• [AIM OF THE EXERCISE]
No pictures go in the copy; retype exactly the lines from the one with "至少5个可控量体数据自定义:确保牛仔裤贴" through the last line of the records.

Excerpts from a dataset
────────────────────────────────────────

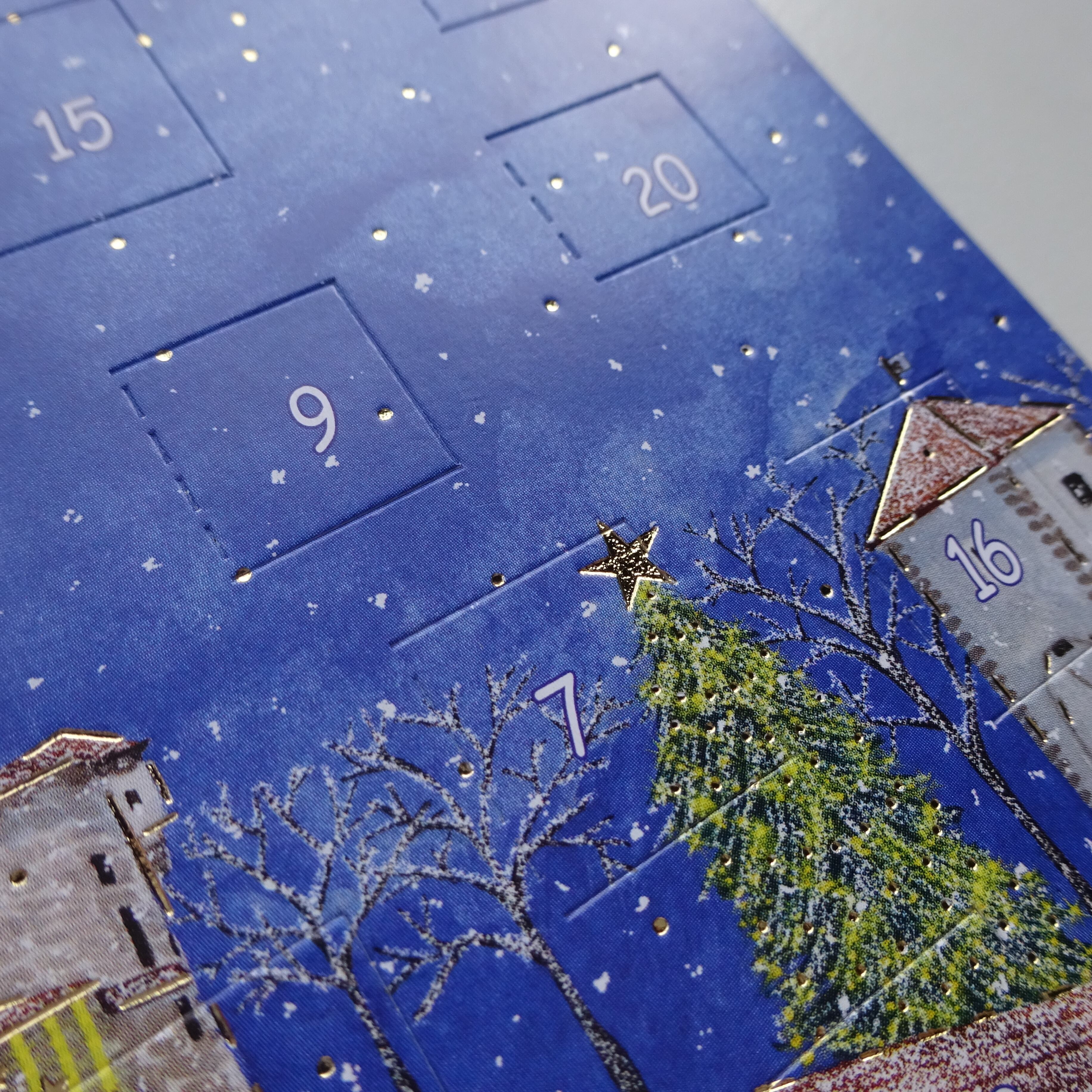 1日から24日まで毎日数字の箇所をめくって中の絵柄が楽しめるカードです。
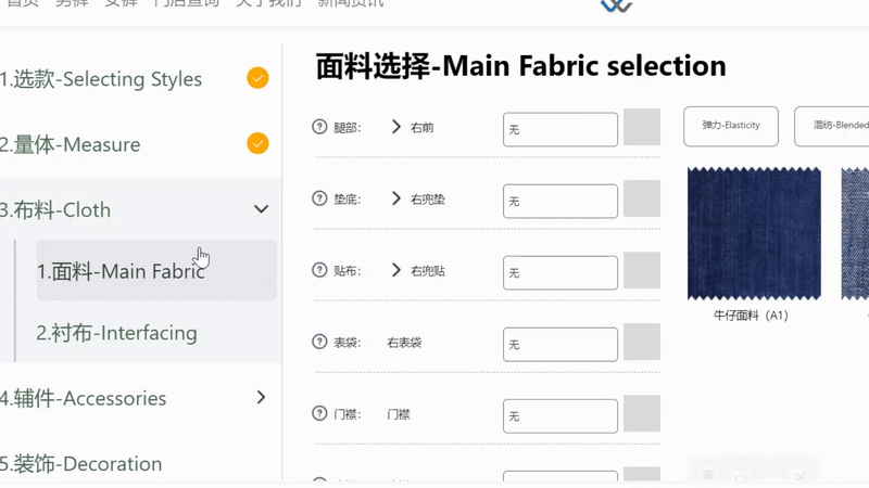 至少5个可控量体数据自定义:确保牛仔裤贴合身材曲线,成本符合版型的情况下,解决传统牛仔裤不合身的问题。
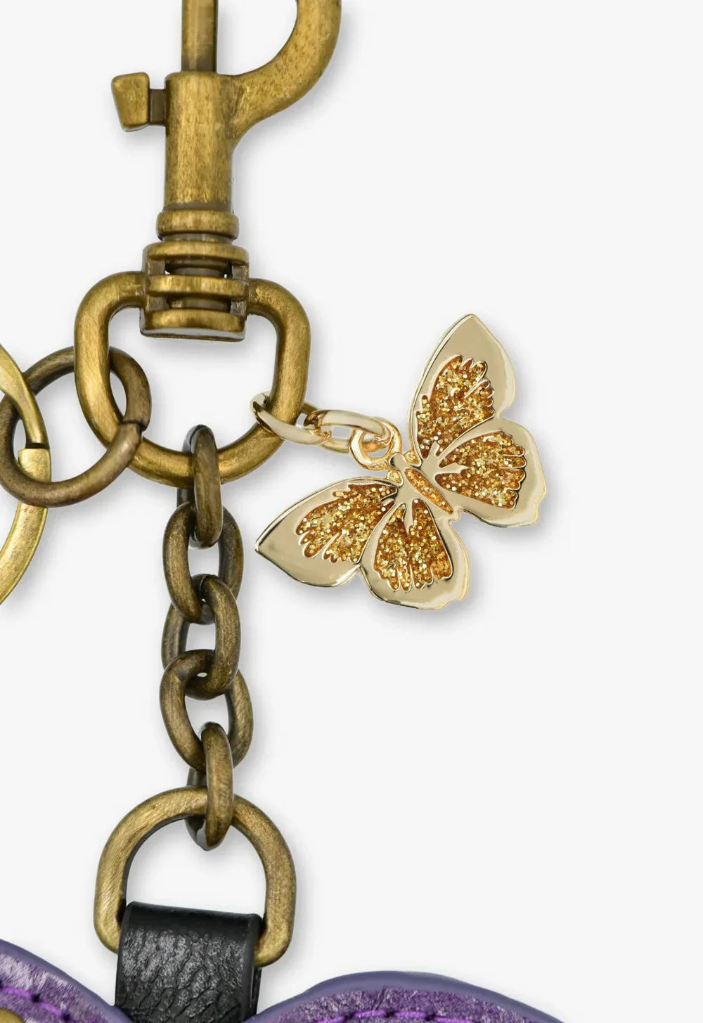 Add a bold statement with the Purple Heart Bag Charm. Bronze rivet details pair with a gold, glittering butterfly charm, making this the perfect accent to any bag. The chain comes with an additional key ring to hold your keys.
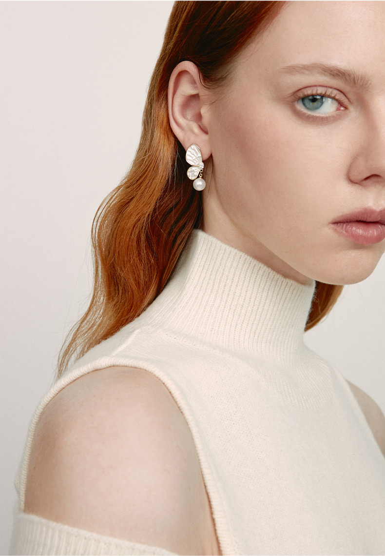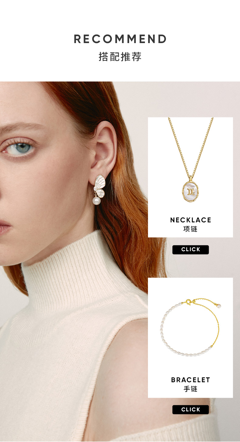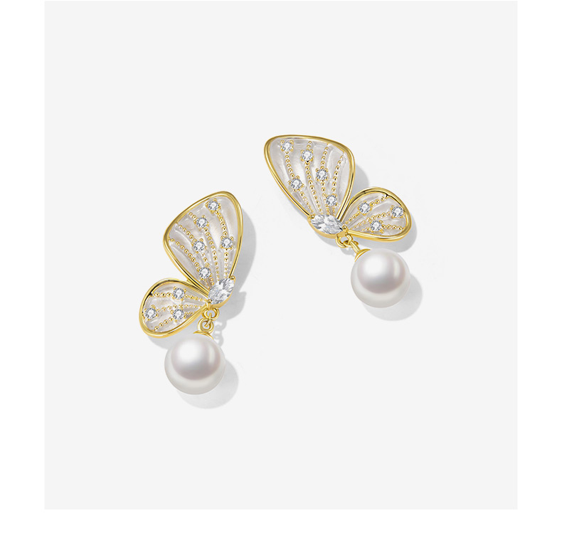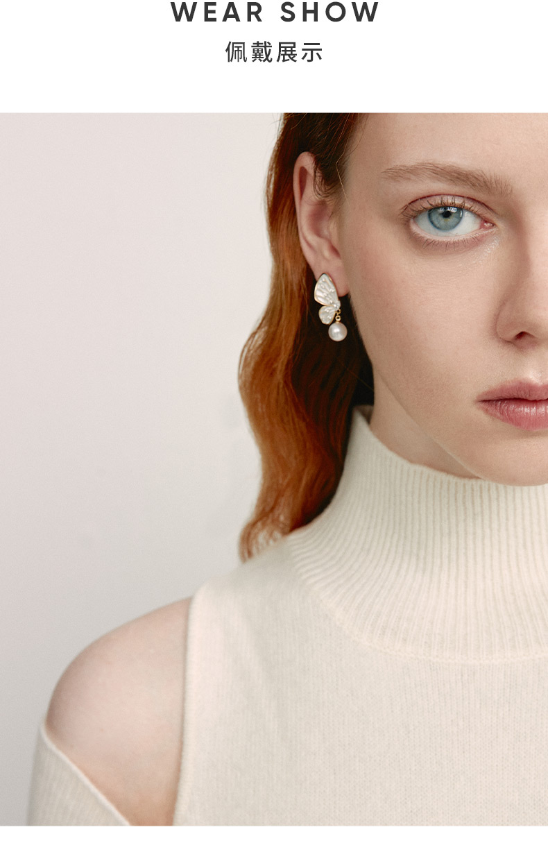 ZEGL法式蝴蝶人造珍珠耳环女2024新款爆款秋冬耳钉高级感银针耳饰
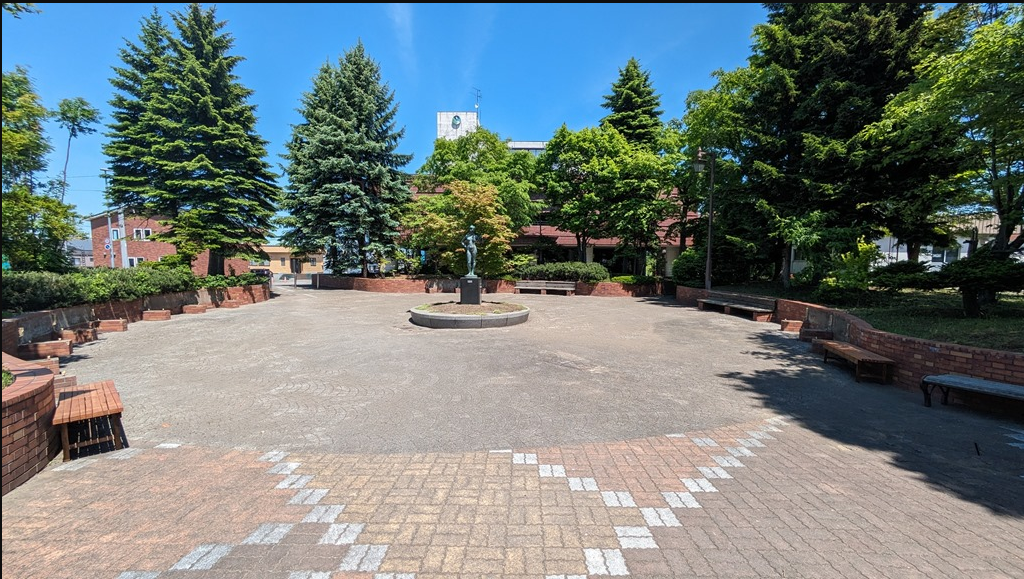この広場は上の写真でも分かる通り、駅とパークホテルの中間にあります。パークホテルはシロが所有し、ホテルのリニューアル中。
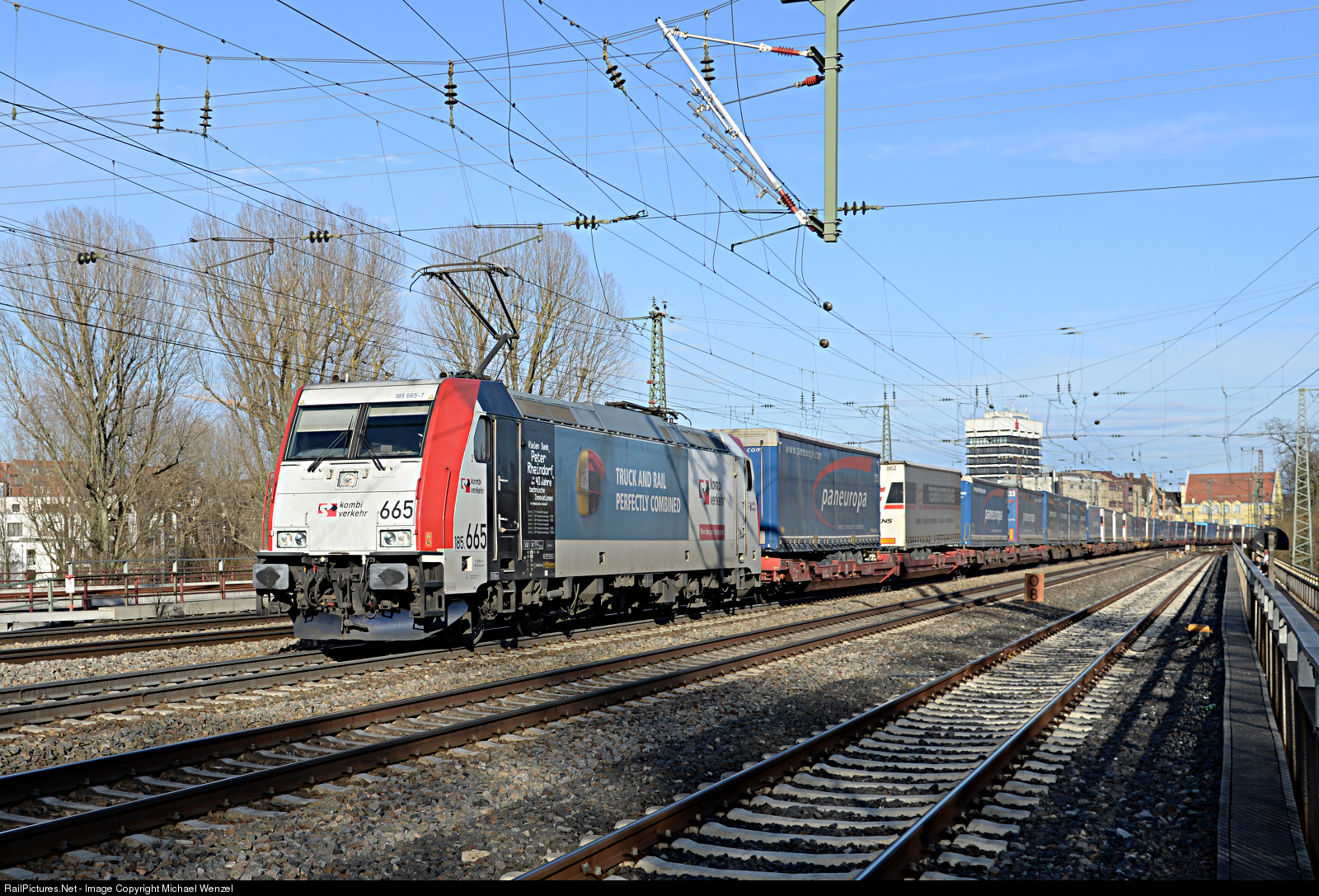 | 185 665 has just passed the Bridge called "Siebenbogenbrücke", a few hundred meters northwest of the mainstion of Fürth with a northbound combined Cargo Train in Direction Würzburg. Lthe Locomotive has an Advertising paint-sheme for cominde Cargo. |

────────────────────────────────────────

• [EXERCISE SOLUTION]
 至少5个可控量体数据自定义:确保牛仔裤贴合身材曲线,成本符合版型的情况下,解决传统牛仔裤不合身的问题。
 Add a bold statement with the Purple Heart Bag Charm. Bronze rivet details pair with a gold, glittering butterfly charm, making this the perfect accent to any bag. The chain comes with an additional key ring to hold your keys.
 ZEGL法式蝴蝶人造珍珠耳环女2024新款爆款秋冬耳钉高级感银针耳饰
この広場は上の写真でも分かる通り、駅とパークホテルの中間にあります。パークホテルはシロが所有し、ホテルのリニューアル中。
 | 185 665 has just passed the Bridge called "Siebenbogenbrücke", a few hundred meters northwest of the mainstion of Fürth with a northbound combined Cargo Train in Direction Würzburg. Lthe Locomotive has an Advertising paint-sheme for cominde Cargo. |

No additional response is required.